Chang did not shy away from noting how challenging this is for college students, especially students at Notre Dame. 

“A lot of times we go into college and we think like we need to figure out our entire life right away,” she said. 

Chang said the stress from these challenges builds over time and results in unhealthy habits. 

“We get thrown into that hole of thinking we need to just keep moving forward in life and try to achieve as many things that we can, but I think the most important part of college is not that at all; it’s figuring out who you are,” Chang said. 

Groody echoed this idea of focusing on the wrong external noise.

“We spend a lot of time reading about other texts of other people’s lives or other material outside of us, but we don’t spend enough time reading the text of our own life — and in a disciplined way, in a way that actually goes deeper into understanding who we are,” he said. 

He said too many people spend their time emulating other people and not enough time trying to clarify what their own story is. Groody hopes the course and podcast will push students to identify their values and then find ways to connect those values to build a landscape of their life.

With the podcast, Groody wants to help listeners be at peace with their true selves and strengthen the community.

“The podcast is meant to stimulate reflection so that the conversations students have with others are conversations that are really of substance and depth, and that students walk away from these conversations feeling more aligned with what matters because of the value of the conversation,” he said.

One of Groody’s goals when educating is to nurture the kind of meaningful conversation that helps people grow.
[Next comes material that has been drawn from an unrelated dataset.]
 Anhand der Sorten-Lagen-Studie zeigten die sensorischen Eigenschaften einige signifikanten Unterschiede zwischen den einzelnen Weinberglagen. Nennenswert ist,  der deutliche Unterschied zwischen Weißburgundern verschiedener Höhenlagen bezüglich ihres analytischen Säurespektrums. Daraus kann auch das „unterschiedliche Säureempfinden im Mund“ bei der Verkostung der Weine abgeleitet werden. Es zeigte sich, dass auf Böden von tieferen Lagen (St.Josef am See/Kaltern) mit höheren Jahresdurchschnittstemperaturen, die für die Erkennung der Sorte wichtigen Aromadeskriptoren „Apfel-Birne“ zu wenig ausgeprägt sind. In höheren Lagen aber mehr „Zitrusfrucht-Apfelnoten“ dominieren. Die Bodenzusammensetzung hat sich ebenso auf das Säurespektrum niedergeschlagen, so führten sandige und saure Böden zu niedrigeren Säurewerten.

In connecting with students through this podcast, he hopes to encourage people to have more of these meaningful interactions with others. 
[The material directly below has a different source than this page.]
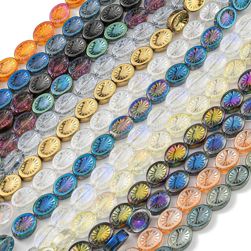 Стеклянные бусины с гальваническим покрытием , овальные с цветком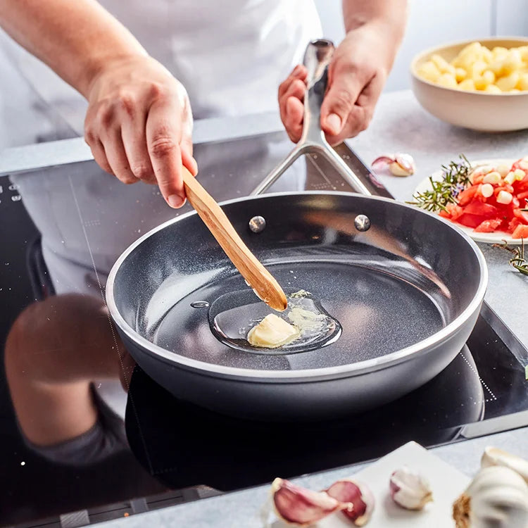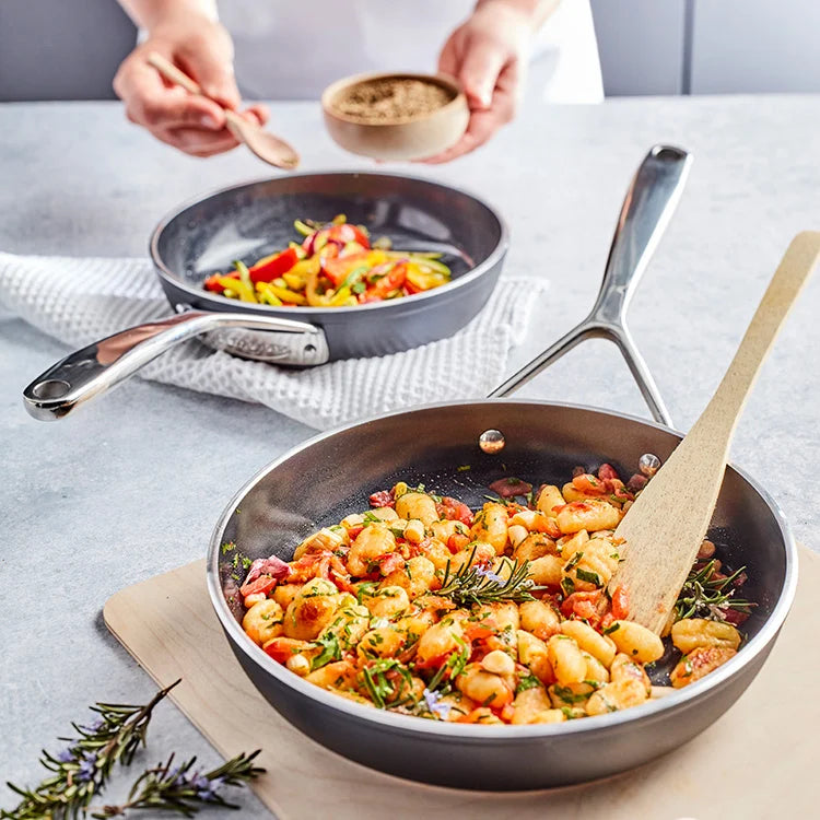 Dankzij de Ceraforce keramische antiaanbaklaag kook je met minder vet en zonder schadelijke stoffen. Dit maakt de pannen een gezond alternatief voor traditionele antiaanbaklagen. De ergonomische, gegoten grepen bieden een stevige grip en zijn bevestigd met roestvrijstalen rivetten voor extra duurzaamheid. Voor een langere levensduur is handwas aanbevolen, maar de pannen kunnen ook in de vaatwasser.

In conversation with his colleagues and Groody, senior Adam Achecar, who is majoring in science pre-professional with a supplemental major in theology, was inspired to take on a new challenge after graduation. 

“By participating in this course, I discovered my intersecting passion between my faith and medicine, which propelled me into applying to medical school this year,” Achecar said.

He is excited that the topics he discussed in the classroom with his colleagues will become available to the greater community through the podcast. 

I hope that in listening to this podcast, people will be able to discover what their true and false selves are, which will eventually lead them to an idea of what their hearts desire is,” Achecar said. 

Groody believes the “Heart’s Desire and Social Change” podcast can help people act in ways that align with others, not simply themselves. 

Achecar thinks expanding this perspective to more Notre Dame students has the ability to ignite campus in a new way. He believes this addition to ThinkND has the potential to create “a campus full of motivation and drive that will inevitably translate into unmeasurable success and outreach throughout the community of ND and beyond.”